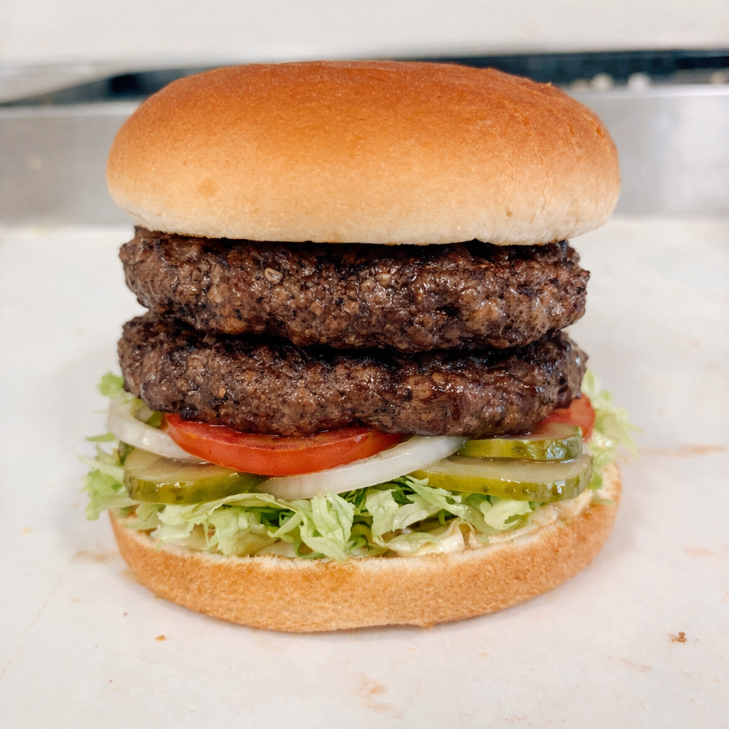 two 1/2 pound fresh ground beef, mustard, lettuce, tomato, onions, pickles. Add cheese $0.75
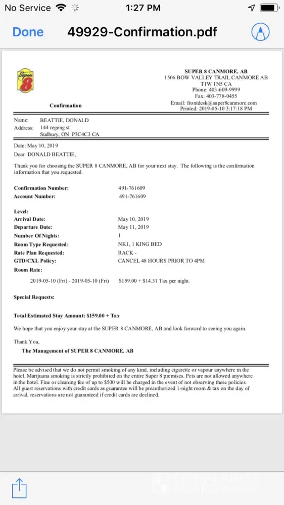 I booked a roomon friday the 10th for friday the 10th in Canmore, AB then was called into Edmonton to a medical emergency with my mother.
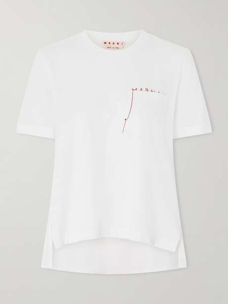 MARNI T-shirt en jersey de coton et en popeline à broderie
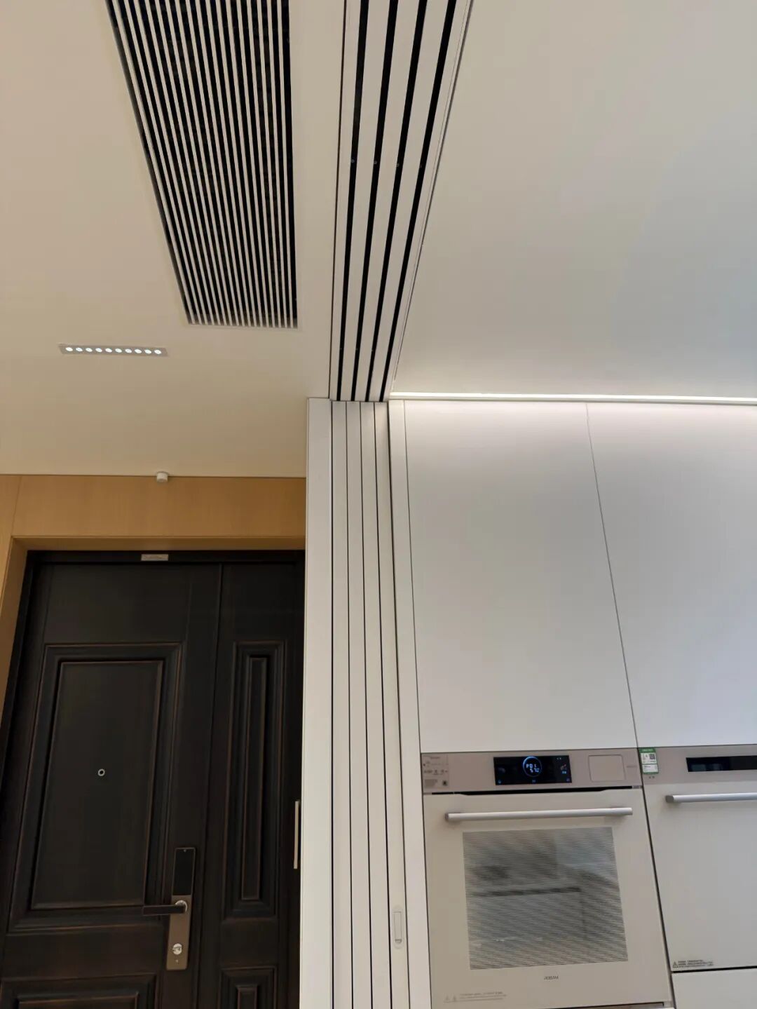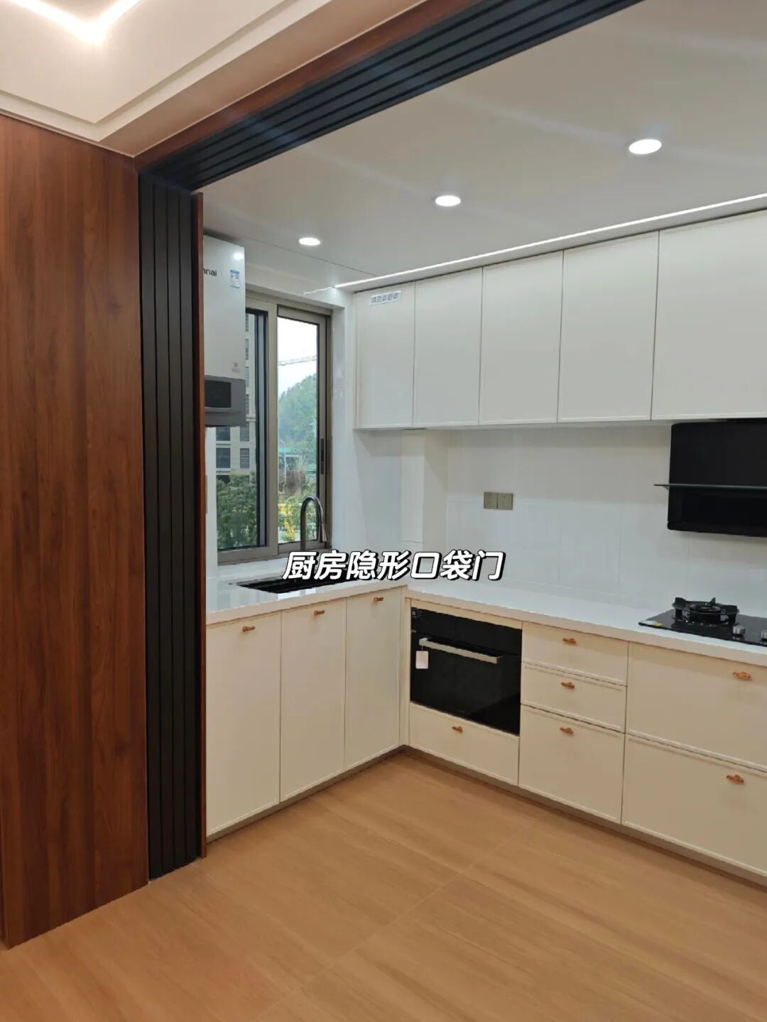 这种口袋门,需要时拉开,隔离油烟和空间,不需要时收起,不注意看吊顶完全发现不了有一道玻璃门。

-- Your goal --
Each line of the listing above should be retyped exactly, with no pictures.

-- Completed task --
 two 1/2 pound fresh ground beef, mustard, lettuce, tomato, onions, pickles. Add cheese $0.75
 I booked a roomon friday the 10th for friday the 10th in Canmore, AB then was called into Edmonton to a medical emergency with my mother.
 MARNI T-shirt en jersey de coton et en popeline à broderie
 这种口袋门,需要时拉开,隔离油烟和空间,不需要时收起,不注意看吊顶完全发现不了有一道玻璃门。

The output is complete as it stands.